ANGLETON, Texas, April 23 /PRNewswire-FirstCall/ -- Benchmark Electronics, Inc. (NYSE: BHE), a leading contract manufacturing provider, announced sales of $497 million for the quarter ended March 31, 2009, compared to $684 million for the same quarter in the prior year. The Company reported first quarter net income of $9 million, or $0.14 per diluted share. In the comparable period of 2008, net income was $22 million, or $0.32 per diluted share. Excluding restructuring charges, the Company would have reported net income of $10 million, or $0.16 per diluted share, in the first quarter of 2009.
'Our diversification has not provided us with immunity from the broad-based economic downturn as end market demand decreased in the first quarter,' said Cary T. Fu, the Company's Chief Executive Officer. 'We have seen challenging economic cycles before and our teams are focused on serving our customers, generating cash flows and reducing costs.

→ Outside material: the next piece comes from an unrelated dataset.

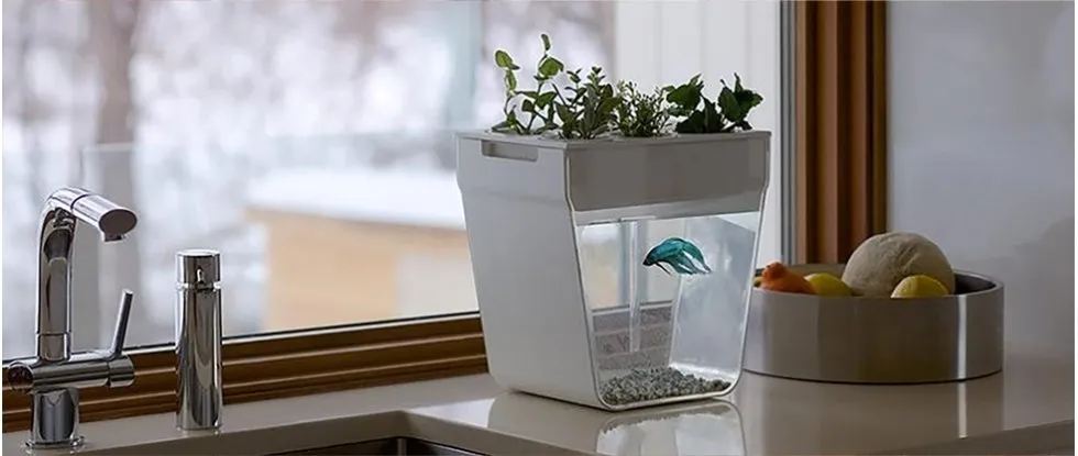 工作原理:套装包括一个小鱼缸、一个植物容器和罗勒、生菜或小麦的种子。植物放在鱼缸上方的盒子中——它们利用鱼缸中的水生长,同时净化水质。

We still see significant outsourcing opportunities, which have resulted in another solid quarter of new program wins. Despite the present challenging environment, we are making long-term investments to position ourselves for continued growth when the recovery occurs.'
First Quarter 2009 Financial Highlights
- Operating margin for the first quarter was 2.0% on a GAAP basis and 2.3%, excluding restructuring charges.
- Cash flows provided by operating activities for the first quarter were approximately $64 million.
- Cash and long-term investments balance was $454 million at March 31, 2009. Long-term investments consist of $47 million of auction rate securities.
- Accounts receivable was $338 million at March 31, 2009; calculated days sales outstanding were 61 days.
- Inventory was $345 million at March 31, 2009; inventory turns were 5.4 times.
Second Quarter 2009 Outlook
Sales for the second quarter of 2009 are expected to range from $460 million to $520 million. Diluted earnings per share for the second quarter, excluding restructuring charges, are expected to be between $0.13 and $0.21.
Non-GAAP Financial Measures
This press release includes financial measures for earnings and earnings per share that exclude certain items and therefore are not in accordance with generally accepted accounting principles (GAAP). A detailed reconciliation between the GAAP results and results excluding special items (non-GAAP) is included at the end of this press release. By disclosing this non-GAAP information, management intends to provide investors with additional information to further analyze the company's performance and underlying trends. Management utilizes a measure of net income (loss) and earnings (loss) per share on a non-GAAP basis that excludes certain items to better assess operating performance and to help investors compare our results with our previous guidance.
The non-GAAP information included in this press release is not necessarily comparable to non-GAAP information of other companies. Non-GAAP information should not be viewed as a substitute for, or superior to, net income (loss) or other data prepared in accordance with GAAP as measures of our profitability or liquidity.